Cleveland Guardians – No. 33
- Pitcher
- Born: April 9, 1998 (age 28) Canton, Georgia, U.S.
- Bats: RightThrows: Right

MLB debut
- August 5, 2022, for the Cleveland Guardians

MLB statistics (through 2026 season)
- Win–loss record: 16–11
- Earned run average: 3.30
- Strikeouts: 225
- Stats at Baseball Reference

Teams
- Cleveland Guardians (2022–present);

= Hunter Gaddis =

American baseball player (born 1998)

Hunter Reid Gaddis (born April 9, 1998) is an American professional baseball pitcher for the Cleveland Guardians of Major League Baseball (MLB). He made his MLB debut in 2022.

==Amateur career==
Gaddis attended Sequoyah High School in Canton, Georgia, and enrolled at Georgia State University to play college baseball for the Georgia State Panthers. As a sophomore, he was named second team All-Sun Belt Conference after he went 9–4 with a 2.95 earned run average (ERA) with 98 strikeouts. In 2018, he played collegiate summer baseball with the Chatham Anglers of the Cape Cod Baseball League. Gaddis repeated as a second team All-Sun Belt selection as a junior despite a 1–7 record and led the conference with 112 strikeouts.

==Professional career==
The Cleveland Indians selected Gaddis in the fifth round of the 2019 Major League Baseball draft. After signing with the team he was initially assigned to the Arizona League Indians before being promoted to the Class A Short-Season Mahoning Valley Scrappers. Gaddis did not play a minor league game in 2020 due to the cancellation of the minor league season caused by the COVID-19 pandemic. He spent the 2021 season with the High-A Lake County Captains and went 4–11 with a 4.16 ERA and 127 strikeouts in 97 1/3 innings pitched. Gaddis was assigned to the Double-A Akron RubberDucks at the start of the 2022 season.

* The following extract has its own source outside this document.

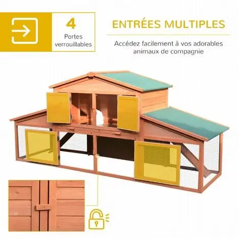 Ce magnifique clapier poulailler est particulièrement pratique et fonctionnel. Vos lapins, poules ou autres animaux pourront bénéficier d’un espace clos sécurisé avec 2 aires de jeu abritées à même le sol et d’un abri, et avec un abri à l’étage multi-équipé (tiroir à déjection, trappe d’accès pour les soins, porte, perchoir, etc…). Vos animaux pourront ainsi grandir dans un environnement sain et sécurisé.

On August 5, 2022, the Cleveland Guardians selected Gaddis' contract from the Triple-A Columbus Clippers. His first season in the majors was forgettable, as he recorded an 18.41 ERA over two relief appearances, earning the loss in both. Gaddis struggled as a starting pitcher in his 2023 rookie season, recording a 5.17 ERA over seven starts. However, he had a breakout 2024 campaign as a full-time relief pitcher, recording a 1.57 ERA, a 0.76 WHIP, and a .166 batting average against. He finished the season with 66 strikeouts in 74.2 innings.